A scientific paper entitled "Quotation errors in general science journals" tried to figure out how common such misleading citations are in science papers. It found that such erroneous citations are not at all rare. Examining 250 randomly selected citations, the paper found an error rate of 25%. We read the following:
"Throughout all the journals, 75% of the citations were Fully Substantiated. The remaining 25% of the citations contained errors. The least common type of error was Partial Substantiation, making up 14.5% of all errors. Citations that were completely Unsubstantiated made up a more substantial 33.9% of the total errors. However, most of the errors fell into the Impossible to Substantiate category."
When we multiply the 25% figure by 33.9%, we find that according to the study, 8% of citations in science papers are completely unsubstantiated. That is a stunning degree of error. We would perhaps expect such an error rate from careless high-school students, but not from careful scientists.
This 25% citation error rate found by the study is consistent with other studies on this topic.
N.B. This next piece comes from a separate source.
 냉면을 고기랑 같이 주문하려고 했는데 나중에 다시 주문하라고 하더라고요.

In the study we read this:
"In a sampling of 21 similar studies across many fields, total quotation error rates varied from 7.8% to 38.2% (with a mean of 22.4%) ...Furthermore, a meta-analysis of 28 quotation error studies in medical literature found an overall quotation error rate of 25.4% [1]. Therefore, the 25% overall quotation error rate of this study is consistent with the other studies."
In the paper we also read the following: "It has been argued through analysis of misprints that only about 20% of authors citing a paper have actually read the original." If this is true, we can get a better understanding of why so much misinformation is floating around in neuroscience papers. We repeatedly have paper authors spreading legends of scientific achievement, which are abetted by incorrect paper citations often made by authors who have not even read the papers they are citing.
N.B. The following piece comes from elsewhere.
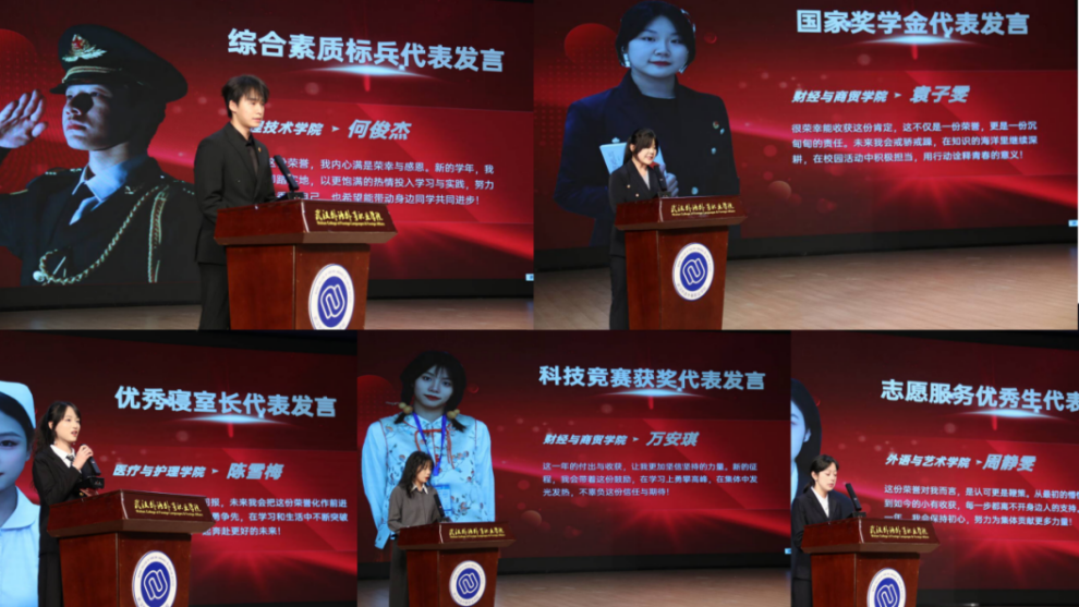 随后,优秀寝室长代表陈雪梅、志愿服务优秀生代表周静雯、科技竞赛获奖代表万安琪、综合素质标兵代表何俊杰、国家奖学金代表袁子雯先后发言。他们分享了在寝室管理、志愿奉献、科技创新、全面发展与学业深耕中的经历与感悟,言语真挚、催人奋进,展现了外院学子勤学善思、笃行实干的良好风貌,为在场同学传递了奋进力量。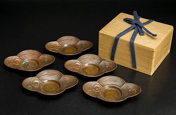 - 明治時代 蝙蝠霊芝太極紋銅茶托 5客 煎茶道具 古美術

An article at Vox.com suggests that scientists are just as likely to make citations to bad research that can't be replicated as they are to make citations to good research. We read the following:
"The researchers find that studies have about the same number of citations regardless of whether they replicated. If scientists are pretty good at predicting whether a paper replicates, how can it be the case that they are as likely to cite a bad paper as a good one? Menard theorizes that many scientists don’t thoroughly check — or even read — papers once published, expecting that if they’re peer-reviewed, they’re fine. Bad papers are published by a peer-review process that is not adequate to catch them — and once they’re published, they are not penalized for being bad papers."
The above suggests a good rule of thumb: when you read a science paper citing some other science paper, assume that it is as likely as not that the authors of the paper citing the other paper did not even read the other paper. Another good rule of thumb: be very skeptical of any claims you read in a neuroscience paper claiming that something is "well established" or "not controversial." Such claims are routinely made about things that have not been well established by observations.